GPUSync is a synchronization-based method for incorporating GPUs into real-time operating systems. Real-time operating systems properly prioritize pending work to improve responsiveness, reduce jitter, minimize required hardware computing capacity, and ensure computing resources are given to the most critical applications while avoiding the starvation of others. Many important GPGPU applications can take advantage of these benefits, including automated vehicles, computer vision (such as augmented reality), broadcasting, and financial trading, to name a few. Indeed, realtime guarantees are often necessary for applications that require governmental certification, such as automated vehicles.

Access to GPUs under GPUSync is arbitrated through advanced k-exclusion and nested locking protocols. I perform real-world evaluations of GPUSync on computer vision algorithms. This work is in progress.

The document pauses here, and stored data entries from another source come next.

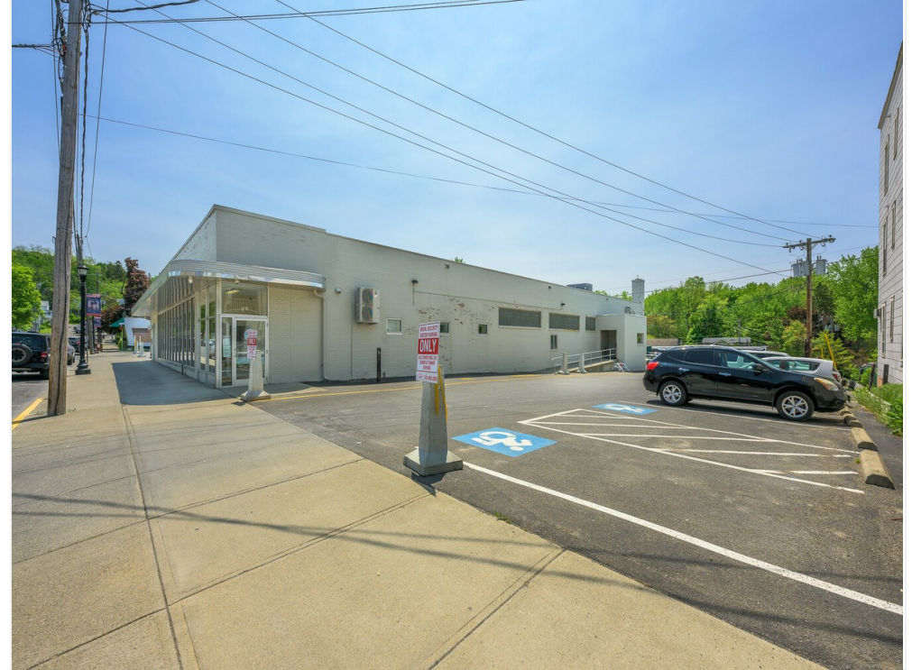
Exterior West Side & Front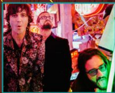
STRUNG LIKE A HORSE

JBE SUMMITFEST • BOULDER, CO • THURS TUNES • DRINKS • BITES • SNACKS • S'MORES PRIZE GIVEAWAYS!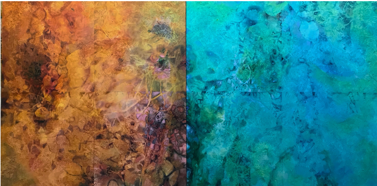
The Qualia 1+1=1a series, acrylic on canvas, 48" x 96".

The Qualia 1+1=1 , diptychs, each an exploration of optical attractions and what is perceived as continuity/discontinuity; how 2 may be perceived as 1. Physics reveals that atoms cannot physically touch one another, that they may however achieve quantum entanglement and attraction. To me this is, aside from interesting science, an ontological and perhaps psychological metaphor for being with another, remaining distinct, not melding into one, being in proximity, remaining intact.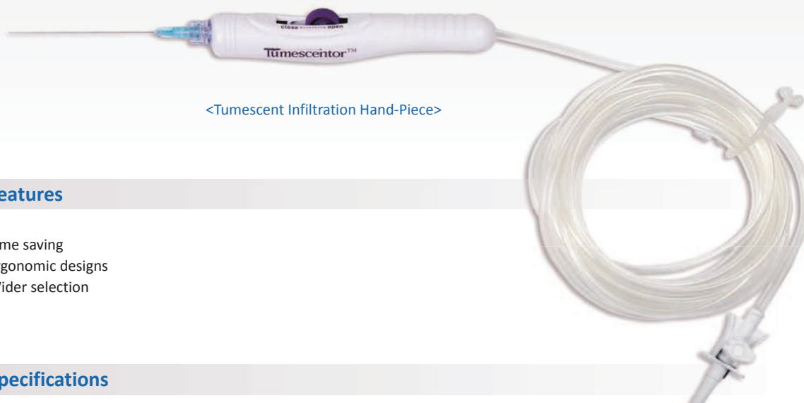
<Tumescent Infiltration Hand-Piece>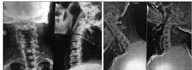
Figure 3: A 53-year-old male immediate and postoperative images at 5-year follow-up

Undercutting of C2 and C7 laminae with foraminotomy of C5 was done to provide adequate decompression.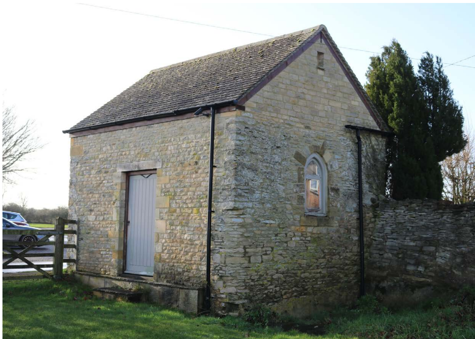
North and East Elevations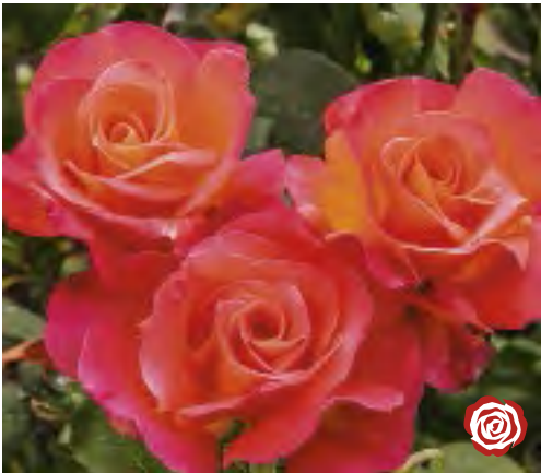
MIKADO cv. 'KOHsai'

Height/Habit: 4-5', upright, bushy Bloom/Petals: 5" high-centered; 40+ Foliage: Medium, dark, glossy Fragrance: Mild

Major features of GPUSync include:

  1. Support for multi-GPU platforms.

  2. Real-time deterministic peer-to-peer GPU data transmissions.

  3. Real-time deterministic overlapping of GPU compute kernel execution and data transfers, including support for high-end multi-copy engine GPUs.

  4. Architecture-aware heuristics that maintain task GPU affinity.

  5. Global management of multi-GPUs, allowing the migration of computations between GPUs (on compute kernel boundaries).

  6. Real-time theoretical analysis, enabling timing constraints to be guaranteed.

I have two papers on this work in progress:

  1. 1.GPUSync: A Framework for Real-Time GPU Management

  2. 2.GPUSync: Architecture-Aware Management of GPUs for Predictable Multi-GPU Real-Time Systems

The first paper focuses primarily on the theoretical side of GPUSync that allows guarantees on timing constraints to be made. The paper includes measurements quantifying the cost of I/O and system memory bus contention on real-time schedulability. The second paper represents earlier work on GPUSync. This paper differs from the first in that architecture-aware GPU assignment and migration heuristics based upon feedback controllers are discussed and various trade-offs evaluated (Note: I have since devised superior heuristics to those discussed in this paper). I am in the process of blending these two papers and updating its material for a journal paper.

UPDATE: Some of this work will be presented at the upcoming 35th Real-Time Systems Symposium, in Vancouver this December (2013).